Python3.2中引入的concurrent非常的好用,只用几行代码就可以编写出线程池/进程池,并且计算型任务效率和mutiprocessing.pool提供的poll和ThreadPoll相比不分伯仲,而且在IO型任务由于引入了Future的概念效率要高数倍。
而threading的话还要自己维护相关的队列防止死锁,代码的可读性也会下降,相反concurrent提供的线程池却非常的便捷,不用自己操心死锁以及编写线程池代码,由于异步的概念IO型任务也更有优势。
既然如此,如果不是为了向下兼容2.x,是不是可以完全没有必要继续使用mutiprocessing和threading了?concurrent如此的优秀。
阿神2017-04-18 10:13:53
concurrent is indeed very useful, mainly providing ThreadPoolExecutor and ProcessPoolExecutor. A multi-thread, a multi-process. But concurrent is essentially an encapsulation of threading and mutiprocessing. You can find out by looking at its source code.
ThreadPoolExecutor provides its own task queue, so there is no need to write it yourself. The so-called thread pool simply compares the current number of threads with the defined size of max_workers. If the size is smaller than max_workers, the task is allowed to create threads to execute the task. You can see the source code
def _adjust_thread_count(self):
# When the executor gets lost, the weakref callback will wake up
# the worker threads.
def weakref_cb(_, q=self._work_queue):
q.put(None)
# TODO(bquinlan): Should avoid creating new threads if there are more
# idle threads than items in the work queue.
if len(self._threads) < self._max_workers:
t = threading.Thread(target=_worker,
args=(weakref.ref(self, weakref_cb),
self._work_queue))
t.daemon = True
t.start()
self._threads.add(t)
_threads_queues[t] = self._work_queue
So if you maintain the queue yourself, it’s no problem. Cocurrent also maintains a queue internally and it’s just written for you.
As for the deadlock problem, concurrent can also cause deadlock problems. Let me give you an example, run it and see
import time
from concurrent.futures import ThreadPoolExecutor
def wait_on_b():
time.sleep(5)
print(b.result()) # b will never complete because it is waiting on a.
return 5
def wait_on_a():
time.sleep(5)
print(a.result()) # a will never complete because it is waiting on b.
return 6
executor = ThreadPoolExecutor(max_workers=2)

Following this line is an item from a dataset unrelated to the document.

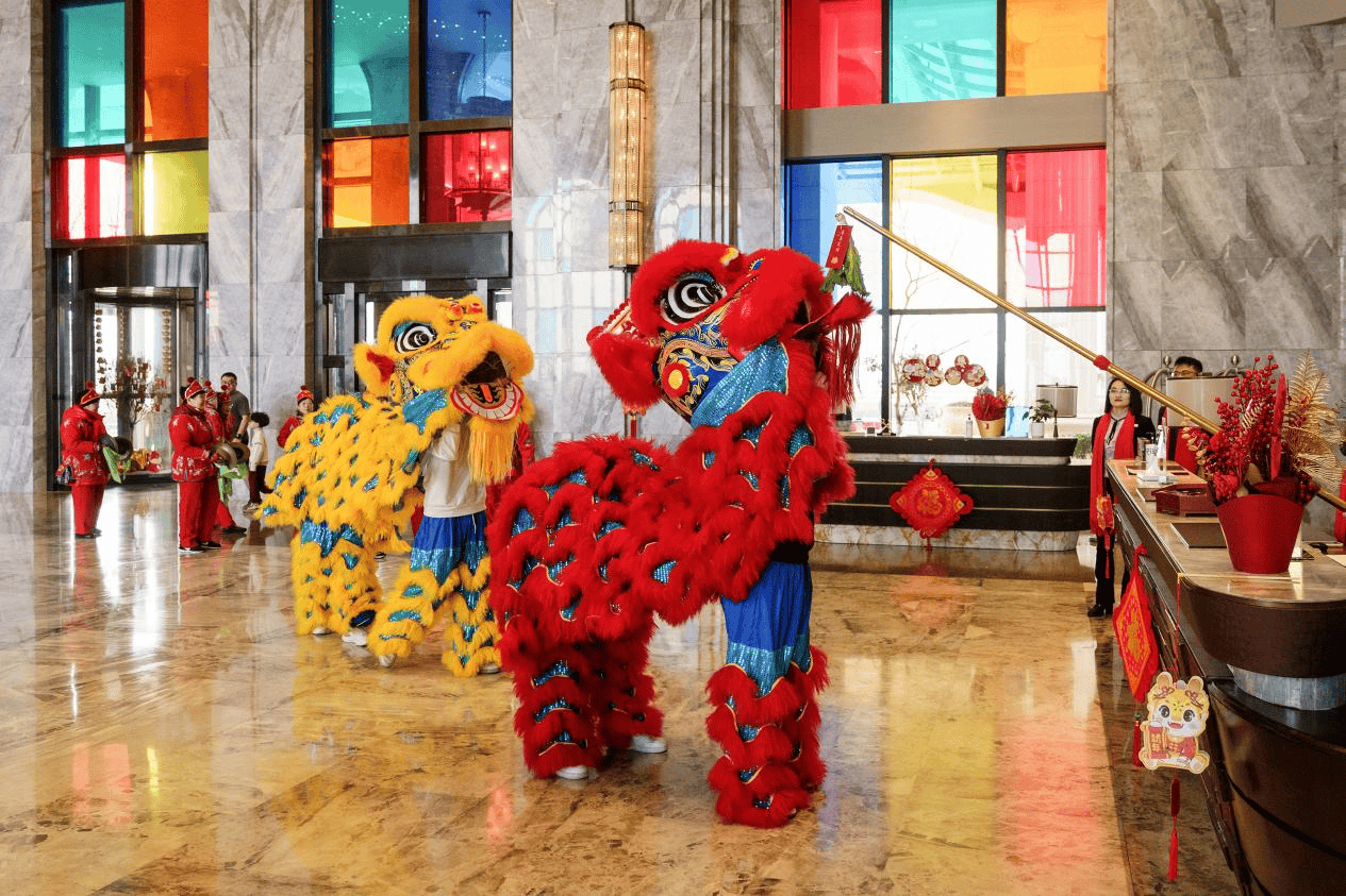 图:青岛融创施柏阁酒店准备了舞狮表演

a = executor.submit(wait_on_b)
b = executor.submit(wait_on_a)
ProcessPoolExecutor also uses mutiprocessing internally. It can make full use of the characteristics of multi-core and get rid of the restrictions of GIL. Note that when defining ProcessPoolExecutor(max_workers=2), max_workers is slightly larger than the number of CPU cores and cannot be too large. ProcessPoolExecutor internally maintains a call_queue to maintain the task queue, and its type is multiprocessing.Queue. There is also a thread that manages the queue. This can be said to be an optimization of cocurrent.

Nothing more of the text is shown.